Hong Kong urban planners who are frustrated by public criticism should involve the public in planning from the start and encourage critics to design alternatives.
“Progress” wears many guises. So I found myself musing during a casual weekend stroll through the wreckage that was once Hong Kong’s Gage Street market area.
As I advanced further into this war zone-like scene, a second stray thought came to mind: “Is this progress?” The answer is not so simple. Aren’t assessments of progress a matter of perspective?
By now it should be clear that this is not an article about the Urban Renewal Authority’s (URAs) controversial replacement project. Other Hong Kong voices have covered that controversy at great length. Rather, this is a “thought exercise” designed to stimulate discussion of the role Hong Kong’s many stakeholders may play in the broader urban planning process.
The Gage Street case is instructive. By the URA’s admission, it presented an “initial design concept” to the Central and Western District Council in early 2006, prior to the three-stage public consultation. During the consultation itself, this statutory, profit-driven body found the public’s responses “encouraging”. The redevelopers then went on to reflect public sentiments in the master plan, so we’re told.
Consultation exercises, like life, are rarely so simple. Indeed, an independent case study later revealed a more nuanced story.
During the exercise, there was a split between grassroots market occupants who agreed redevelopment was necessary without knowledge of alternatives and nearby middle-class residents who lamented the loss of intangible heritage value. On which stakeholder group’s feedback did the URA base its “encouragement”?
And let’s not forget the URA’s own opinions. By the time the consultation process arrived, that body had already set the general parameters for redevelopment based on an undisclosed 2005 “community aspiration survey”, general guidelines of which contained no criteria on the location’s social significance. This means that the URA must have made some value judgments when it launched the process.
The myth of values-neutral planning
Paul Davidoff would have seen the problem with the URA’s approach. Fifty years ago, this American planning theorist penned “Advocacy and Pluralism in Planning“, a reading staple in many planning classrooms today.
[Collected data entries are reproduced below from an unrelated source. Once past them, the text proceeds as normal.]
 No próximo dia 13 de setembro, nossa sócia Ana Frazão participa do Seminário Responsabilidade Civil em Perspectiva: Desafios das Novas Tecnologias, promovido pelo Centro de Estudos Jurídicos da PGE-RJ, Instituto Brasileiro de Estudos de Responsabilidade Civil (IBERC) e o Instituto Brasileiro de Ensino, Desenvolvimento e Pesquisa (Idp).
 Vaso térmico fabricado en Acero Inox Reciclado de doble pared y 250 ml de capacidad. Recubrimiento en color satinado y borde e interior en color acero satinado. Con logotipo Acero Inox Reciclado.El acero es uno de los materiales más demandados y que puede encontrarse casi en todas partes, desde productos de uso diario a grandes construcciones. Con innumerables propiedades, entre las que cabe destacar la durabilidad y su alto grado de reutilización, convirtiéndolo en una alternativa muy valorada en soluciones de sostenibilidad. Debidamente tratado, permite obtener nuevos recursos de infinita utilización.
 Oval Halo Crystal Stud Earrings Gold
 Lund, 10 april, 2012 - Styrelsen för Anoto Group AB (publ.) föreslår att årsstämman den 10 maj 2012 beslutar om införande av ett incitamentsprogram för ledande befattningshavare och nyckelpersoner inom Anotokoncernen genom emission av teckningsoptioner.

As a point of departure, he criticises 20th century official planning agencies for their short-sighted belief that unitary urban plans can adequately balance community interests.
“Appropriate planning action cannot be prescribed from a position of value neutrality, for prescriptions are based on desired objectives,” Davidoff eloquently states.
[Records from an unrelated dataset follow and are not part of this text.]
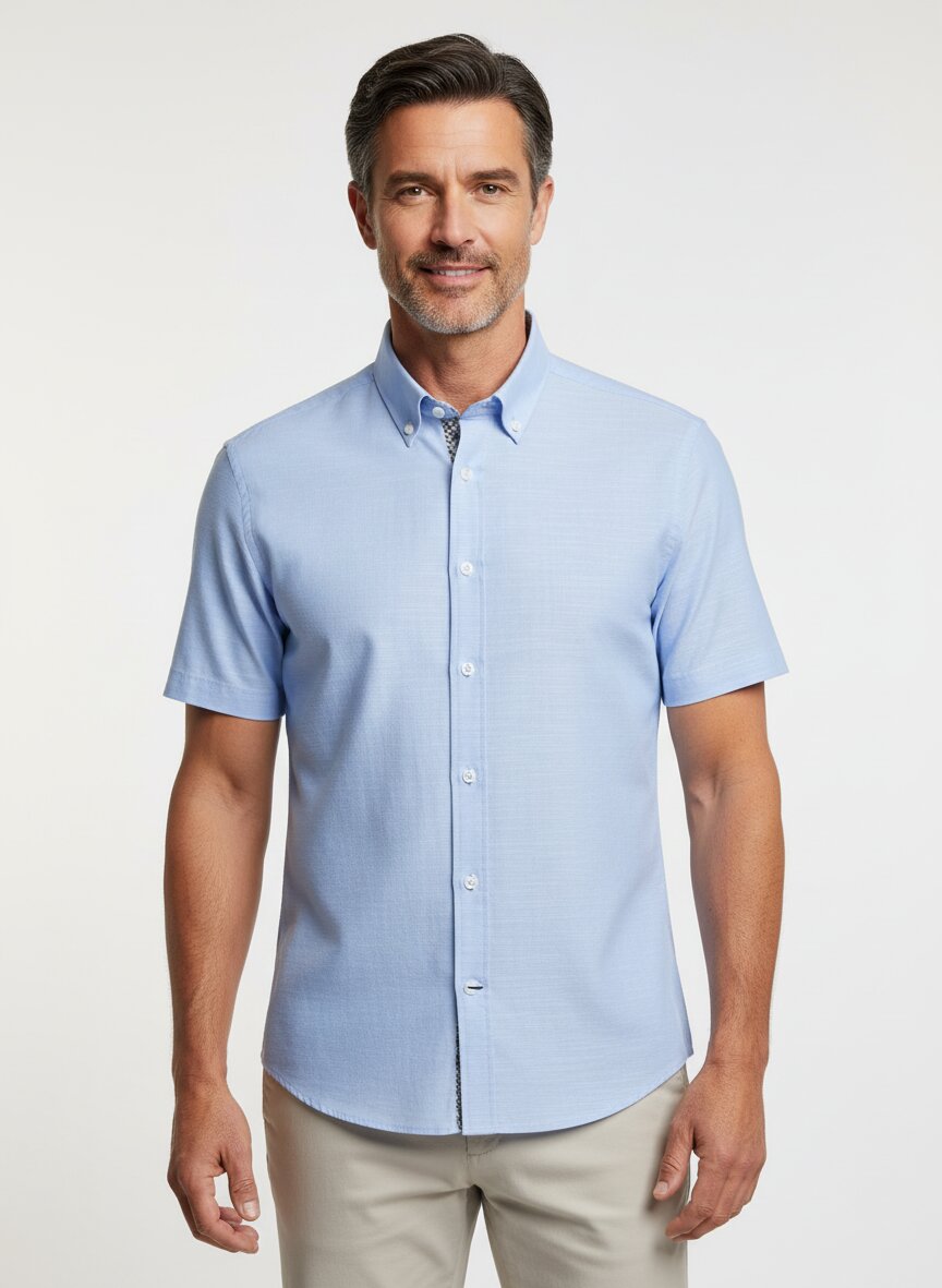 Für jeden Anlass das richtige Modell: Langarmhemden für Business und elegante Anlässe, Kurzarmhemden für entspannte Sommertage. Beide Varianten folgen derselben europäischen Qualitätsphilosophie.
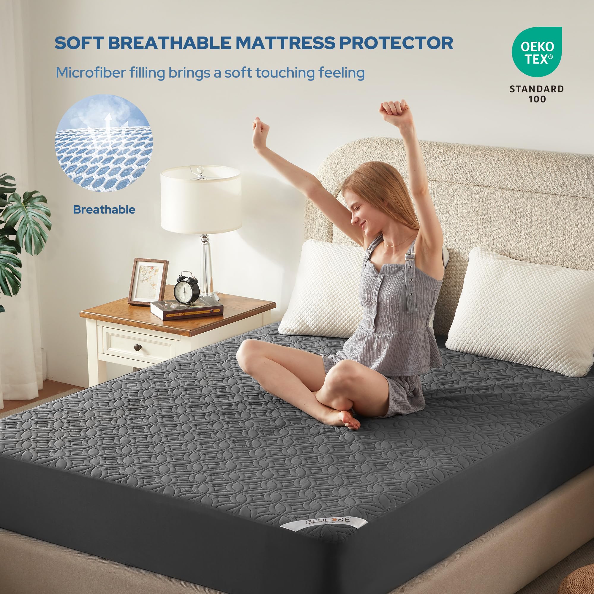 Ultra-Soft & Noiseless: Experience luxuriously soft, breathable comfort. The noiseless queen size mattress protector fabric ensures peaceful sleep, even when you move
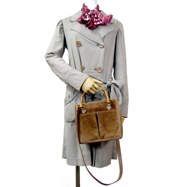 オールドグッチ スエードバンブー2WAYバッグ(茶)
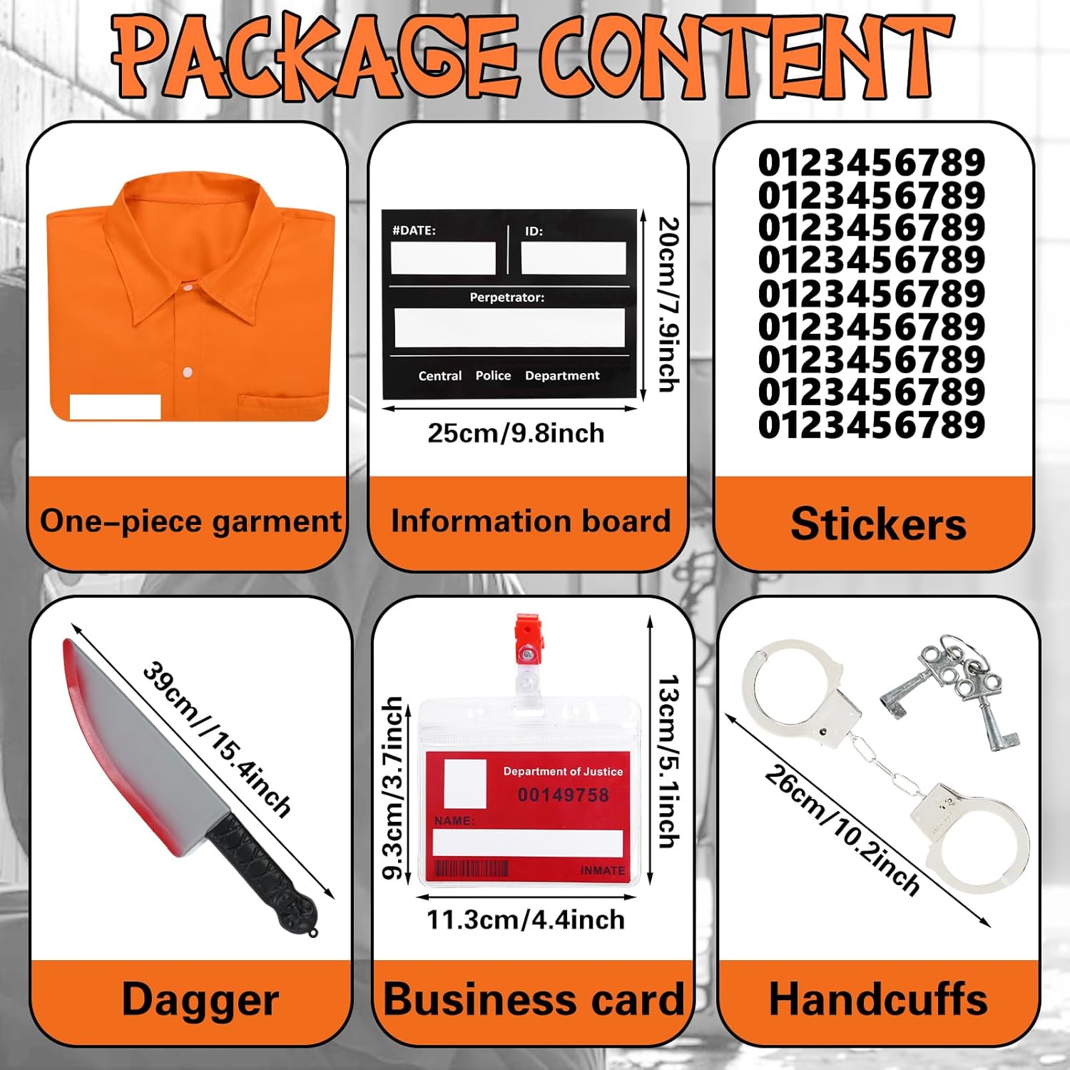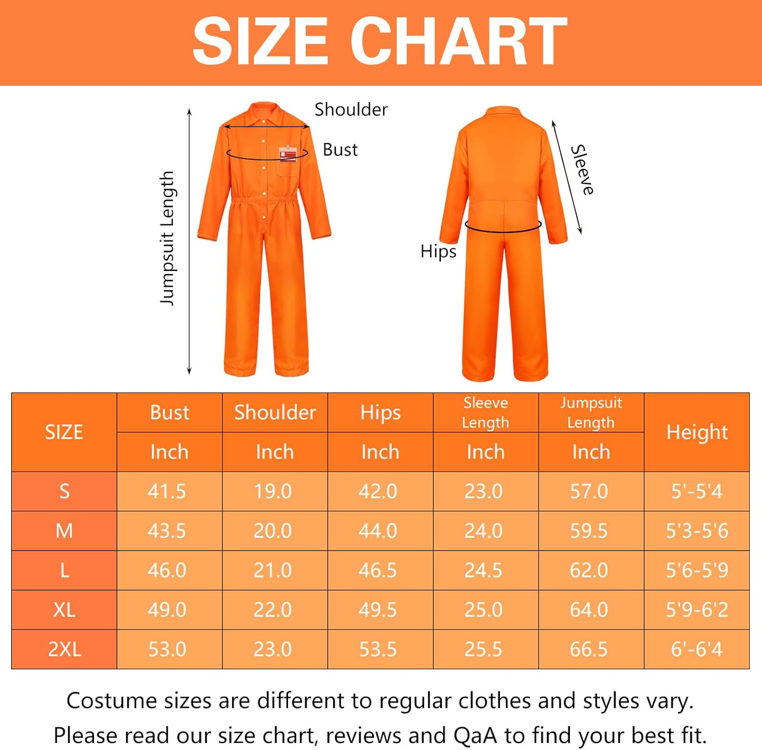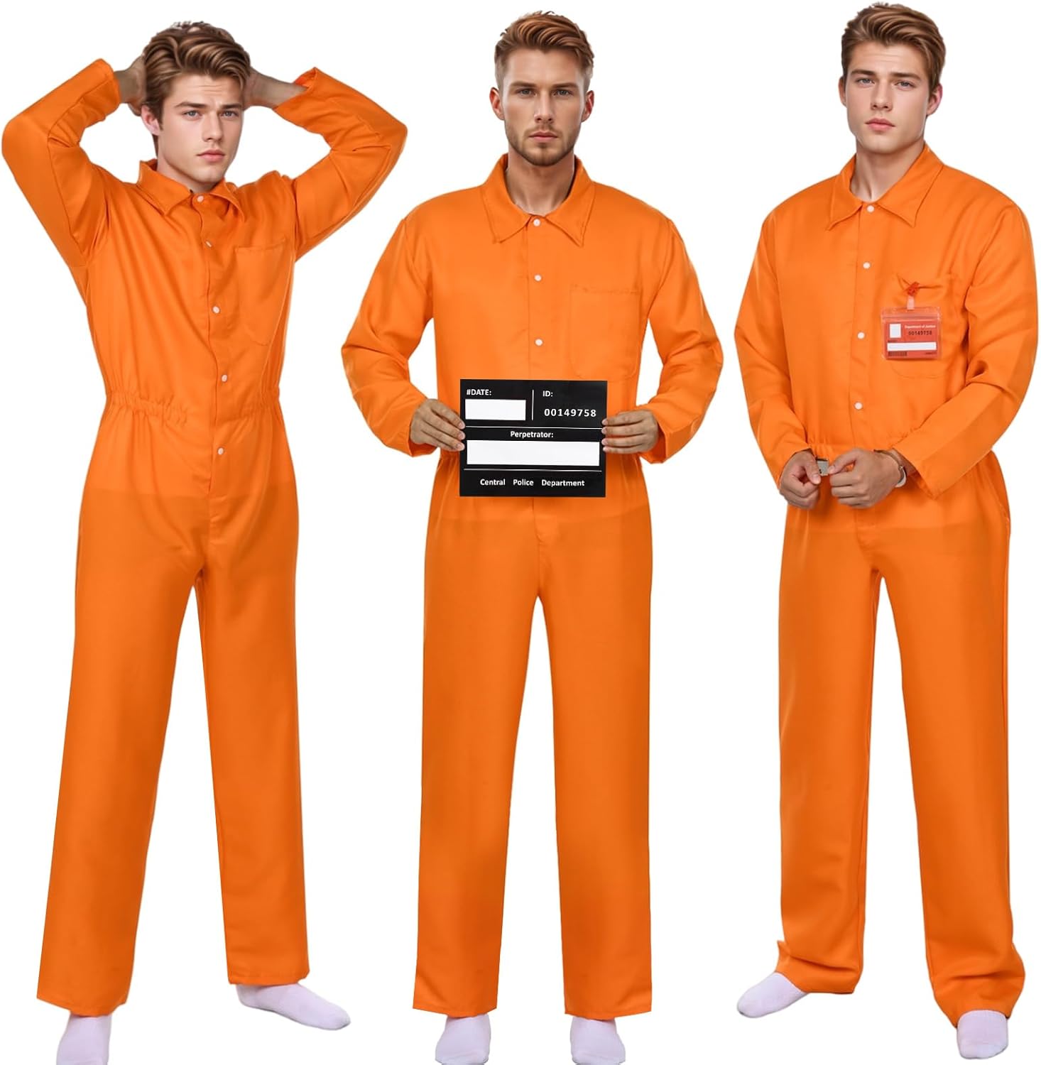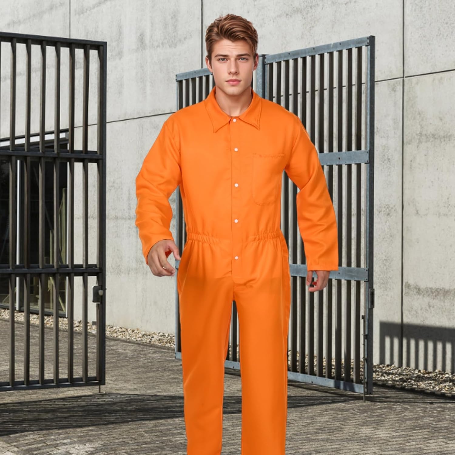 Fun Halloween costume. Decent enough fit. Feels comfy when worn. Gives that escaped prisoner feel. You get a few extras including an arrest placard, plastic knife, ID and handcuffs. Looks the part and is fun to wear.

In other words, official planners – presumably human beings – may overlook key details or may simply be “wrong”. And, if they are “right”, why should they fear competing planning proposals, submitted on behalf of the community?
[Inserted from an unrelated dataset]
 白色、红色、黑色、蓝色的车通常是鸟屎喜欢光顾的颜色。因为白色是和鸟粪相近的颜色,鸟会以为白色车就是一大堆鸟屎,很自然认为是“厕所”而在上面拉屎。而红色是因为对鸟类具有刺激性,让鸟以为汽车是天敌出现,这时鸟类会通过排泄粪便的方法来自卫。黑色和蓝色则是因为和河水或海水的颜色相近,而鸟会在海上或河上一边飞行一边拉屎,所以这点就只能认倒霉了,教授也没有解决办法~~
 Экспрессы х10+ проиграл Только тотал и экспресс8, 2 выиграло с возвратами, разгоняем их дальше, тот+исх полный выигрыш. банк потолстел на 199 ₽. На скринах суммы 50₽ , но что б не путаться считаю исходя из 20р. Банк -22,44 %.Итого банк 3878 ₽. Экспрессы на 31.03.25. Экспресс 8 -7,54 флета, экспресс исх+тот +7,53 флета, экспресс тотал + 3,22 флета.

With this in mind, Davidoff calls for plural planning under which community stakeholders, assisted by professional “advocate” planning experts, submit their own urban plans at the start of the process. Likewise, those experts advocate on behalf of the submitting groups.
The purpose is threefold: To better inform communities of the many choices at their disposal; force public agencies to compete for political support; and pressure critics of “establishment” plans to provide serious alternatives.
This also suggests a changed, though not reduced, role for urban planners. In addition to knowledge of the profession’s current skillsets, planning teams would require new warm bodies educated in philosophy, social work, law and the social sciences, with the ultimate goal of developing teams of “coordinators of capital budgets who relate elements of city programmes to each other.”
Plus ça change…
The concept is hardly absurd. In fact, Hong Kong already has some non-government advocate planners, although official encouragement for their efforts is paltry.
This is not surprising, for Davidoff’s paradigm assumes a democratic political system that Hong Kong, in many ways, still lacks. The hybrid system we do have is steeped in the brine of a colonial administrative model under which bureaucrats style themselves as neutral arbiters of the “public interest”.
This is no idle speculation. Two University of Hong Kong academics probed planners’ immediate post-colonial views in 1998 through a survey of 471 registered practitioners of the Hong Kong Institute of Planners. Of the 106 respondents, 60 were government workers and 38 hailed from the private sector. Eight did not disclose their sector.
The academics found a mass of contradictions in planners’ perceptions of their roles. Notably, 60% of the government cohort saw themselves as value-neutral judgement makers even though 85% of those same respondents agreed that value judgements were inevitable in planning. More interesting yet, the broader group of planners could not agree on whose values they represented. Around 43% chose at least two conflicting definitions of the “public interest”.
So when we look at the Hong Kong planning landscape today – especially on the official side – we must bear in mind the nefarious impact of history combined with a glacial democratic transition, which raise headwinds for those who would call for more impactful community representation in the planning process.
That’s a shame for all of us because so many of Hong Kong’s planning controversies derive from public stakeholders’ sense of isolation from the process. Take Wan Chai’s Lee Tung Street redevelopment. That project began with a design competition among professional planners and architects, with the community largely excluded from the judging.
Ultimately, a community concern group, supported by a private architect, did manage to put together two plans, yet, hobbled by an official IV-drip of information, those plans – rejected by the Town Planning Board (TPB) – saw the light of day relatively late in the process.
The URA’s official plan, in contrast, earned the TPB’s stamp of approval despite 274 objections from public stakeholders and only five expressions of support.
Other examples are too numerous to count, but a shortlist of thorny candidates involves a rail line to the north, a handful of new towns, a large rural island, and a multitude of heritage sites. There’s no need to name them. Readers will know them by inference thanks to the controversies they have engendered.
Changing official planning paradigms is no small matter. At the same time, frameworks such as Davidoff’s are never meant for wholesale importation. For example, his motives are grounded in the American civil rights era and bear a social redistributive aura that many might find unappealing, regardless of the political system that Hong Kong ultimately adopts.
Still, it would behoove the territory’s planning bureaucracy – from the Development Bureau, to the Transportation and Housing Bureau, to the much maligned URA – to bring the public in from the cold at the earliest stages.
What would the ultimate process look like? Not even Davidoff sets a rigid sequence of steps. However, we can be certain that public consultation would begin much sooner in the timeline.
The purpose of this early stage would be to allow stakeholder groups to describe their problems to official or private planning experts before plans are developed, with those experts leading extensive break-out discussions with community members and activists to articulate and formulate multiple alternatives.
Those alternatives might be shared across groups, with popular elements amalgamated into a narrower set of options that would be discussed at a later stage of the consultation process. Ultimately, a more representative political system would be required in order to ensure official accountability.
Granted, thinking “big ideas” such as these may seem like an exercise in pipe dreaming. But complex problems rarely have easy solutions. Why should urban planners imagine that they do?